Bambelela to headline Inxusa

BULAWAYO’S Bambelela Theatre Arts Ensemble will be the star attraction at the Inxusa theatre festival and World Theatre Day Colloquium where they will premier their play The Civil Servant.

BULAWAYO’S Bambelela Theatre Arts Ensemble will be the star attraction at the Inxusa theatre festival and World Theatre Day Colloquium where they will premier their play The Civil Servant.

ENTERTAINMENT REPORTER

The premier at Amakhosi Cultural Centre on March 27 will be held under the theme “Merging Cultures”.

This year Inxusa Theatre Festival and World Theatre Day Colloquium will run from March 25 to 27 in Bulawayo.

University of Bostwana professor David Kerr is expected to present a keynote theatre address.

“A new play by a Bulawayo-based theatre company, playwright and director is selected to premier on the World Theatre Day night as part of celebrating the art of theatre with the rest of the world,” Amakhosi director Cont Mhlanga said yesterday.

Bambelela is a full time community theatre group based organisation.

It was formed in 1992 in Matshobana suburb of Bulawayo. In the past the ensemble has produced such plays as By Roadside, The Naked Truth, Silent Screams and Wish List among others Bambelela has represented Zimbabwe on the international stage at foras such as the Sadc Multi-Arts Disciplinary Festival.

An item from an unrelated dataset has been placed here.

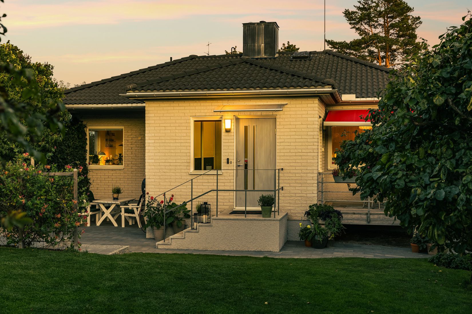 Trädgården vilar grön och inbjudande kring huset, med generösa ytor för barnens lek, middagar under bar himmel eller stilla stunder i skuggan av fruktträden. Hörntomten skänker både frihet och integritet, och ger möjlighet till att skapa flera egna små oaser i olika väderstreck. Här får du sol från morgon till kväll och ett hem som verkligen lever i samklang med årstiderna.

In Zimbabwe they have graced almost all the festivals since their inception.

The ensemble has won several local and international awards including United Nations Development Programme’s Poverty Alleviation Award.

The ensemble has enjoyed several nominations for the National Arts Merit Awards. Bulawayo playwright Thabani Hillary Moyo wrote and directs the The Civil Servant.

“The Civil Servant is the story of Elton who when faced with imminent retirement from the public service comes to realise the truth that he has failed to achieve his dreams,” Mhlanga said.

“He becomes paranoid and irritable. All he can show for his 37 years of service are invalid insurance policies that expired due to currency devaluation and ultimate demise.

“What also compounds the situation are his two sons — Elvis and Themba — failing to make a mark in life.

“Elton dreads the coming back of the Zimbabwe dollar which is rumoured to be on its way back. He fears that his retirement package might come in the form of a ‘dead currency’.”

Mhlanga added: “To save himself from this predicament and in the process do his failed sons a favour Elton decides to commit suicide so that his sons can get his package in the US$.

“Maybe that is what happens when a man doesn’t have a grip on the forces of life.

“It is after his funeral that is wife Khaya comes to realise that being a civil servant is a thankless job because not many people attended his funeral as it had been hoped.”

Moyo graduated at the University of Zimbabwe in 1995 with a Theatre Arts degree.

He has been a drama teacher at Eveline High School and has written several children’s plays and is actively involved with The Live Literature Project aimed at performing literature texts for ‘A’ and ‘O’ Level students.

Under the project he has directed classics like The Lion and The Jewel by Wole Sonyika, A Doll’s House by Hendrick Ibsen and She No Longer Weeps by Tsitsi Dangarembwa.

In 2012 he wrote, directed and produced The Immigrants which premiered during Intwasa Arts Festival in the same year and went to be part of the Harare International Festival of the Arts programme in March 2014.

He is currently employed by Laway Arts SA under the project Ncathathu.

 Tickets for The Civil Servant are $3. Registration for the World Theatre Day Colloquium is now open at $15 per participant and closes on March 20.